We want use a free standing table in our Hymer .

However the existing metal foor socket is secured by 6 largest screws/ so when it is removed i would like to blanc off and protect the holes with some kind of screw caps/ covers

Any ideas please

Dinger


----------



## GEMMY (Jun 19, 2006)

Remove table,put back screws into their holes,tighten down so they are flush,and put a rug over, job done.I did the same last week. :lol: 

tony


----------



## dinger (Jul 30, 2007)

*table*

Hi Tony

May have to try this but didnt know if the holes are counter sunk enough
if at all as the table base fittment sits proud......just thought we could get some sort of caps tp protect the holes whilst not using existing set up without carpet.


----------



## sallytrafic (Jan 17, 2006)

If its anything like our socket as well as screw holes there will be a large hole in the floor. If that is the case status make a blanking plate for their roof aerials and that might do the cover up. >blanking plate<


----------



## GEMMY (Jun 19, 2006)

Hi Dinger,I used my method so that I didn't lose the screwbolts. :lol: 

tony


----------



## 104305 (May 6, 2007)

Ive done just the same the table is a nuisance and gets in the way. Our small portable table does the trick leaving more space to move around. As for the holes I did the same as the other guy, replaced the scres and stuck a rug over-JOB DONE


----------



## Zebedee (Oct 3, 2007)

If the screw holes are not countersunk enough you could always countersink them! :? :? 

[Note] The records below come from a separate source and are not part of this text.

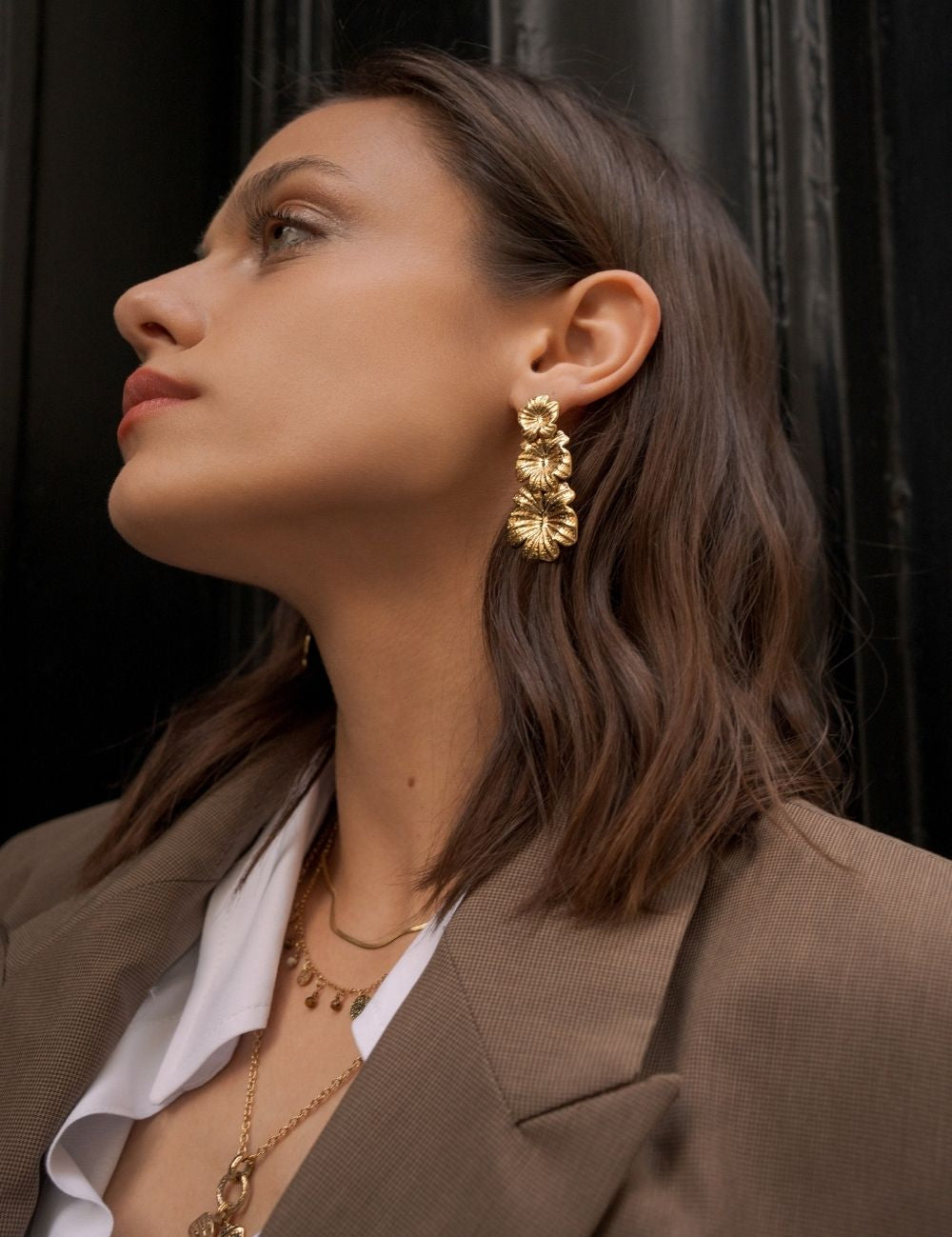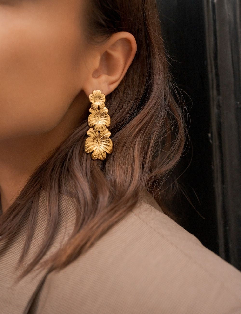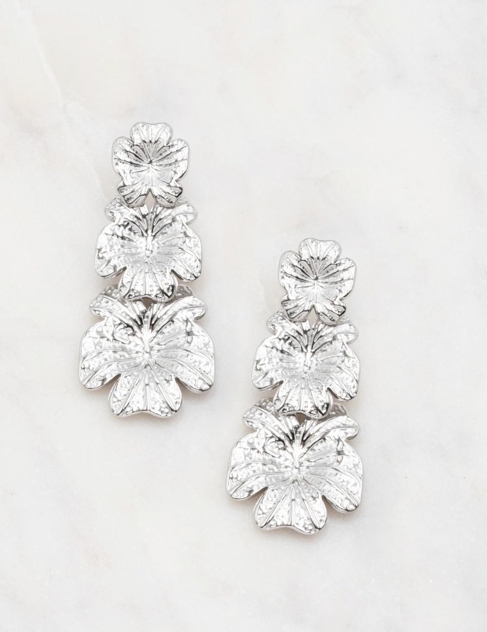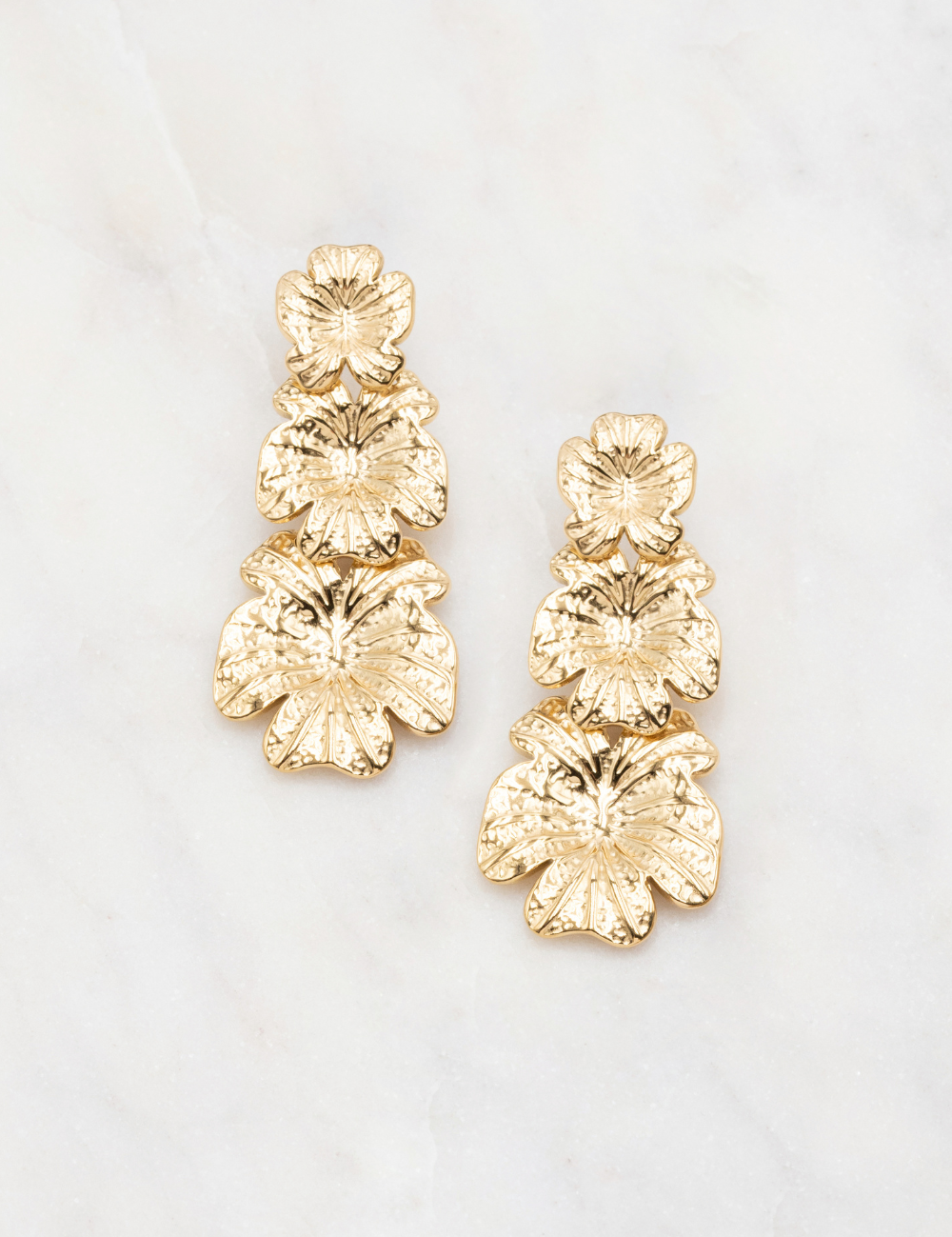 Boucles d'oreilles graphiques pendantes à puce composées de trois pièces au motif floral texturé.
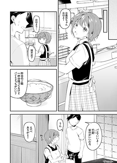 「お義兄ちゃんの、硬くてきもちいいっ…」――義妹の千夏がオナニーしているところを偶然目撃してしまった大学生の俊輔。オトナを感じさせるブラ、大きく膨らんだ胸…成長した義妹の淫靡な光景が頭から離れず、悶々とした俊輔が部屋でオナニーをしていると、今度はその姿を千夏に見られてしまう…! すると千夏は、服を脱ぎながら「私が手伝うよと…」と胸を揉ませてくる。千夏の大きなおっぱいの感触やビンビンに勃った乳首を弄んでいると、俊輔も千夏もお互いにアソコがビチャビチャに…。すると、千夏は「もっとくっついたら気持ちいいよ…?」と誘惑してきて…!? 超えてはいけない一線を越える義妹との禁断背徳セックス!
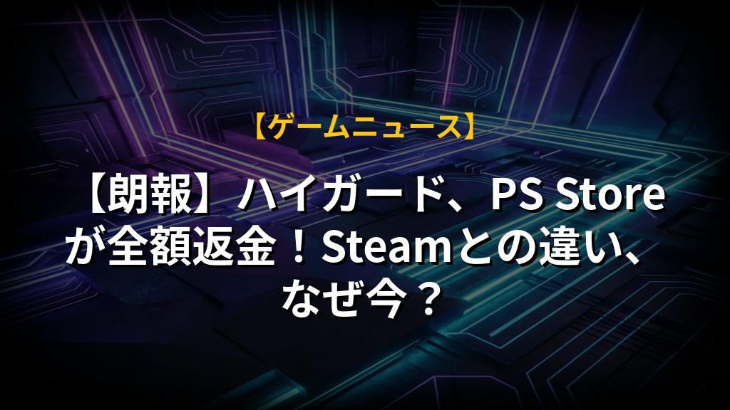【朗報】ハイガード、PS Storeが全額返金!Steamとの違い、なぜ今?
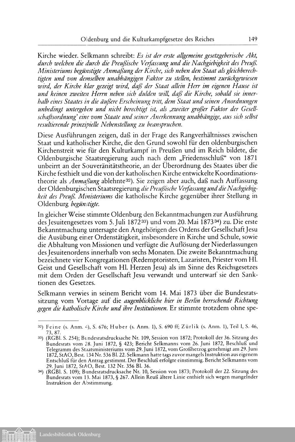 Josef Zürlik: Oldenburg und die Kulturkampfgesetzte des Reiches
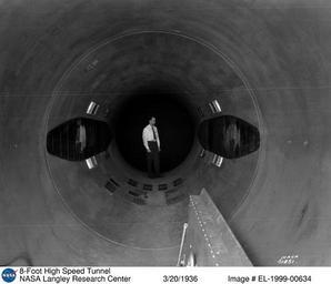 Keywords: 8-Foot High Speed Tunnel DVIDS739913.jpg en Control panel below the test section of the 8-Foot High Speed Tunnel 8-Foot HST Authorized July 17 1933 construction of the 8-Foot HST was paid for with funds from the Federal Public Works Administration Manly Hood and Russell Robinson designed the unusual facility which could produce a 500 mph wind stream across an 8-Foot test section The concrete shell was not part of the original design Like most projects funded through New Deal programs the PWA restricted the amount of money which could be spent on materials The majority of funds were supposed to be expended on labor Though originally Hood and Robinson had planned a welded steel pressure vessel around the test section PWA officials proposed the idea of concrete This picture shows the test section inside the igloo-like structure with walls of 1-foot thick reinforced concrete The thick walls were needed because of the Bernoulli effect which meant that the text chamber had to withstand powerful inwardly directed pressure Operating personnel located inside the igloo were subjected to pressures equivalent to 10 000-foot altitude and had to wear oxygen masks and enter through airlocks A heat exchanger removed the large quantities of heat generated by the big fan NASA Identifier L11851 2009-12-10 Glenn Research Center https //www dvidshub net/image/739913 739913 2012-10-18 01 17 WASHINGTON DC US PD-USGov Oxygen masks Images from DoD uploaded by Fæ |
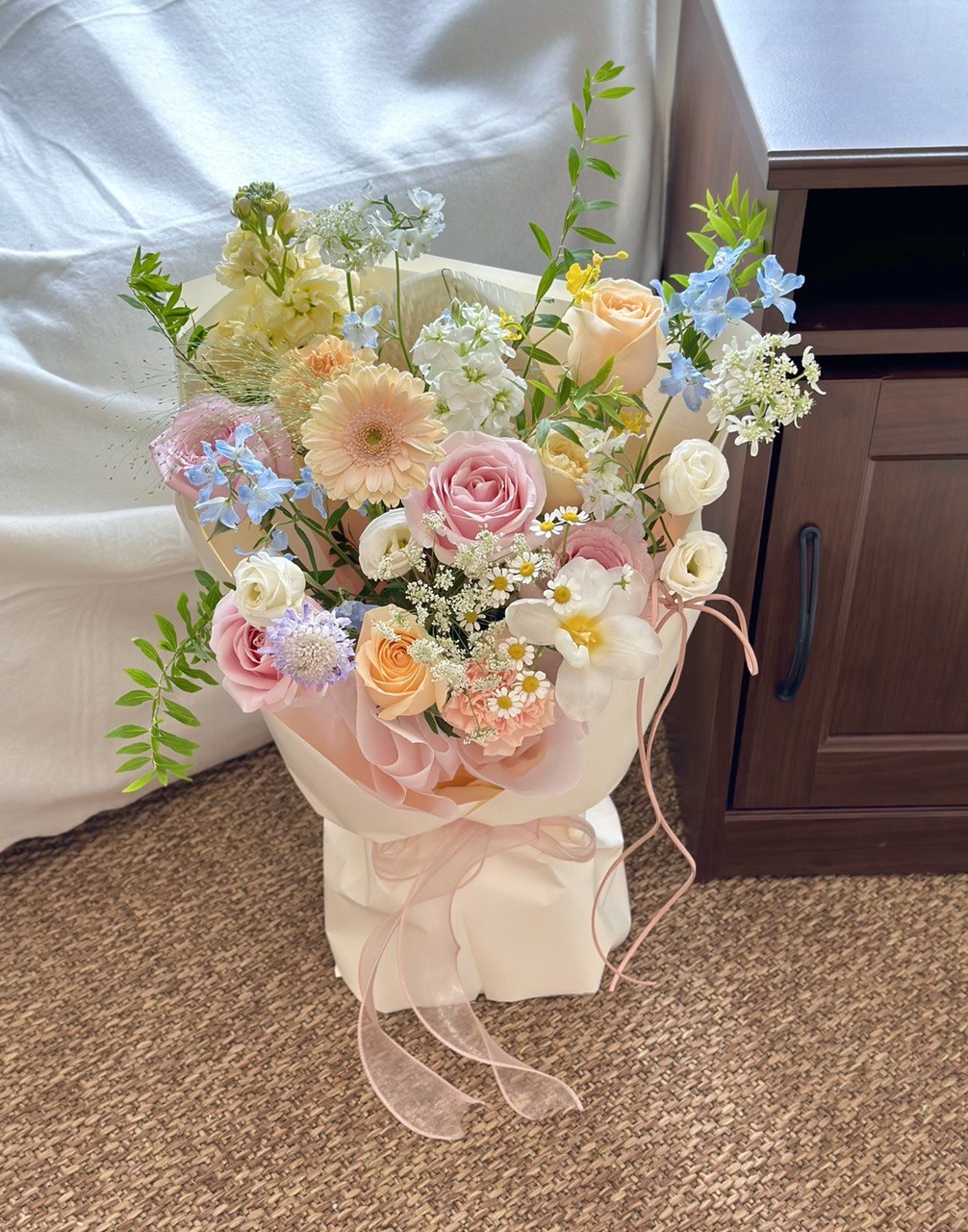 Fresh Flower: 2 x litchi pink rose, 1 x champagne imported gerbera, 1 x white tulips , 2 x pink rose, 2 x buttercup rose,1 x purple scabiosa, 2 x orange champagne rose, 1 x Ammi majus, chamomile, 1 x ammi new ,white eustoma, 1 x novia carnation, 1 x panicum, 2 x delphinium blue, 2 x snow willow leaf, 1 x white matthiola
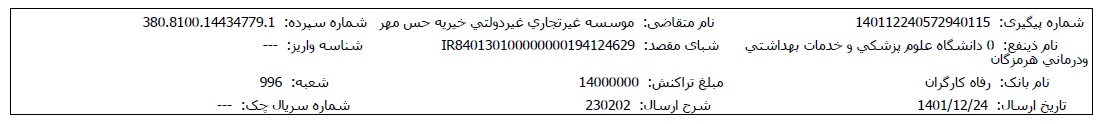مبلغ موردنیاز برای درمان این نوزاد حس مهری مربوط به موارد زیر میباشد:
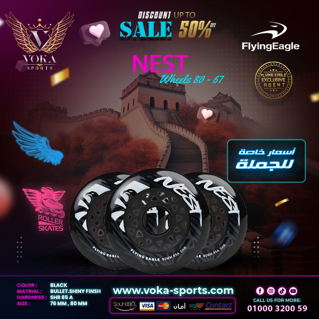 عجلات لأحذية التزلج فلاينج إيجل ( NEST ) أسود لامع
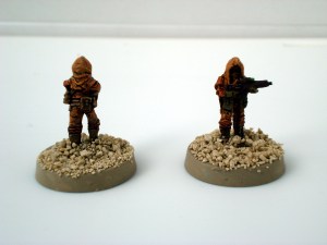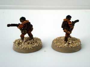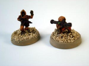 What I like about these sculptures is that they’re based on the Earth Defense models, showing some armor, but have a type of cloak over them. This gives the models a little more flexibility in the type of troops they represent. I can make them a high tech mercenary group, or make them poorly armed insurgents, all depending on the wargame ruleset.
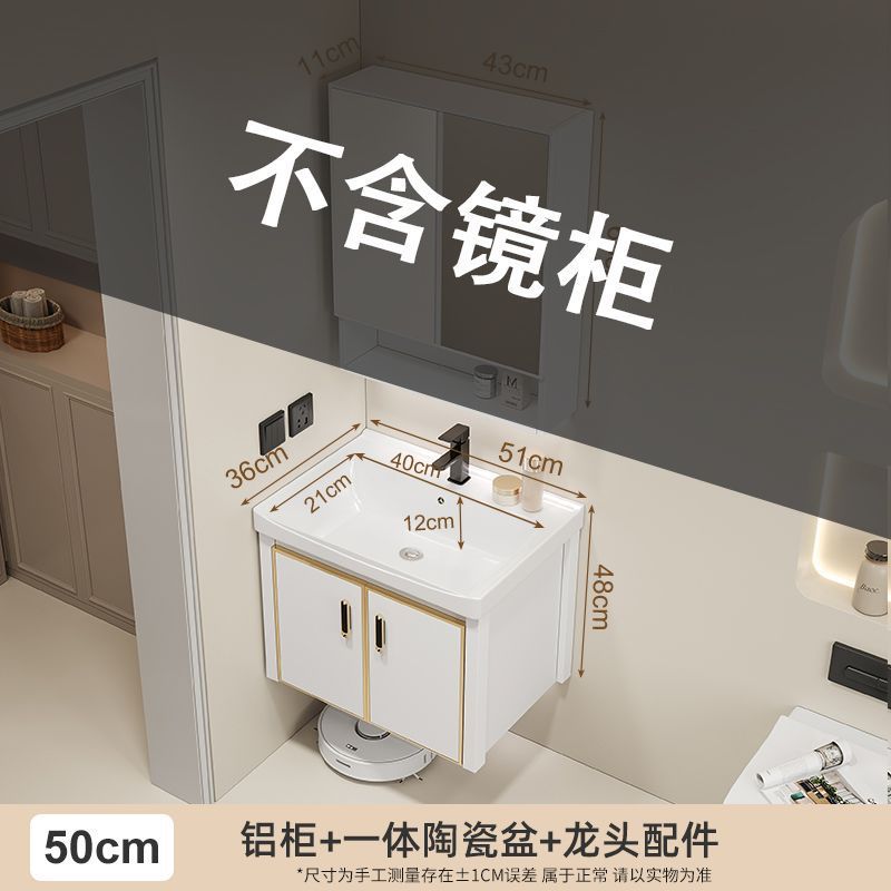 • 세면대가 있는 싱글 캐비닛 [거울 캐비닛 없음] - 크림 화이트/51*36 세라믹 일체형 세면대

Frank is almost certainly correct about the big hole in the middle.

If you want the floor to be perfectly flush (which it won't be if you use a blanking plate) cut a piece of wood to fit in the hole to within about 5mm from the top. It need not be a very good fit.

Fix it in place with some Sikaflex.

Now cut a nice piece of ply (or whatever) and carefully shape it to fit the top of the hole. Much easier to trim a thin disc to shape than a lump.

Put a generous covering of Sikaflex on top of the first bit of wood and gently settle the disc by pressing a ruler across the hole in several orientations. That way it will be perfectly flush when the Sika has set.

To finish the job, "finger" a bit of Sikaflex (or a coloured sealant to suit) into the join.

Hope this helps

Dave


----------